DAA chief executive Kenny Jacobs described the situation for the operator as being “stuck between a rock and a hard place”, but said tackling the issue would have to wait.

“We urgently need to get building the new piers and stands needed for Dublin Airport to manage 40 million passengers a year but we can’t do this until our infrastructure application gets approved,” he said.

The Department of Transport and Fingal County Council did not respond to requests for comment.

Ryanair chief executive Michael O’Leary said: “These two artificial caps at Dublin Airport are unlawful. They are in breach the EU’s fundamental right to freedom of movement and they are also in breach of the EU-US “open skies” flight agreement.

“Any competent Government would by now have already scrapped the original 32 million traffic cap at Dublin Airport, given that the January 2025 Government programme promised to do so as soon as possible.

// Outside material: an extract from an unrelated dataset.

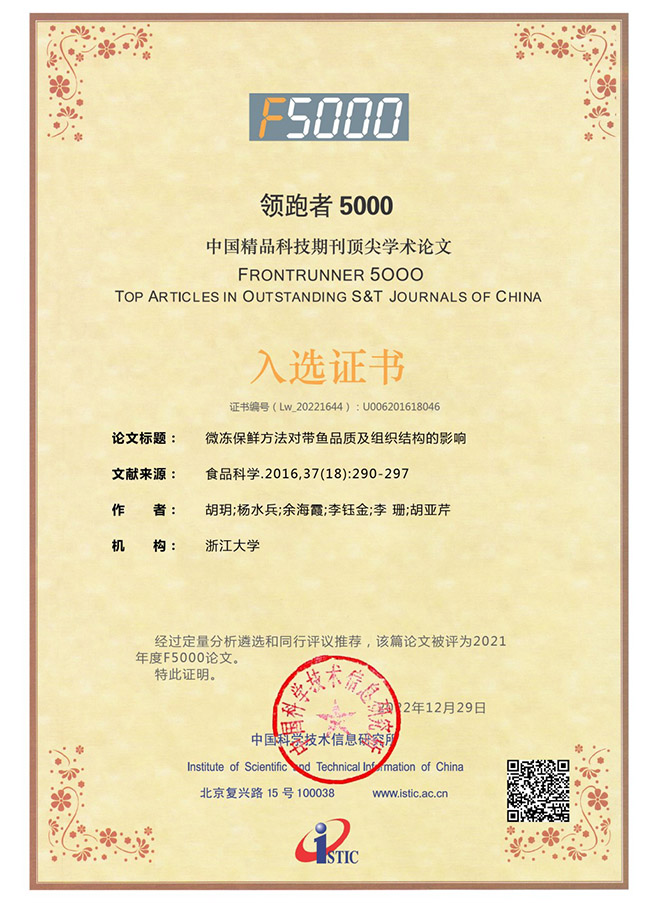 近日,中国科学技术信息研究所发布了2021年度“领跑者5000—中国精品科技期刊顶尖学术论文”(简称F5000)入选名单,十大网投网投十大信誉可靠平台教师胡玥于2016年发表在《食品科学》的论文《微冻保鲜方法对带鱼品质及组织结构的...

“Not alone has transport minister Darragh O’Brien done nothing for nine months, but now the incompetent bureaucrats at An Coimisiún Pleanála have imposed a second illegal cap which limits early morning arrivals between 5am to 7am, when most transatlantic flights arrive in Dublin.”

Mr O’Leary said the night flying restrictions would “damage existing transatlantic flights and shut off long haul traffic growth in Dublin, at a time when visitor numbers to Ireland are declining”.

He added the airline “has no choice” but to seek a judicial review of “this latest unlawful planning stupidity”.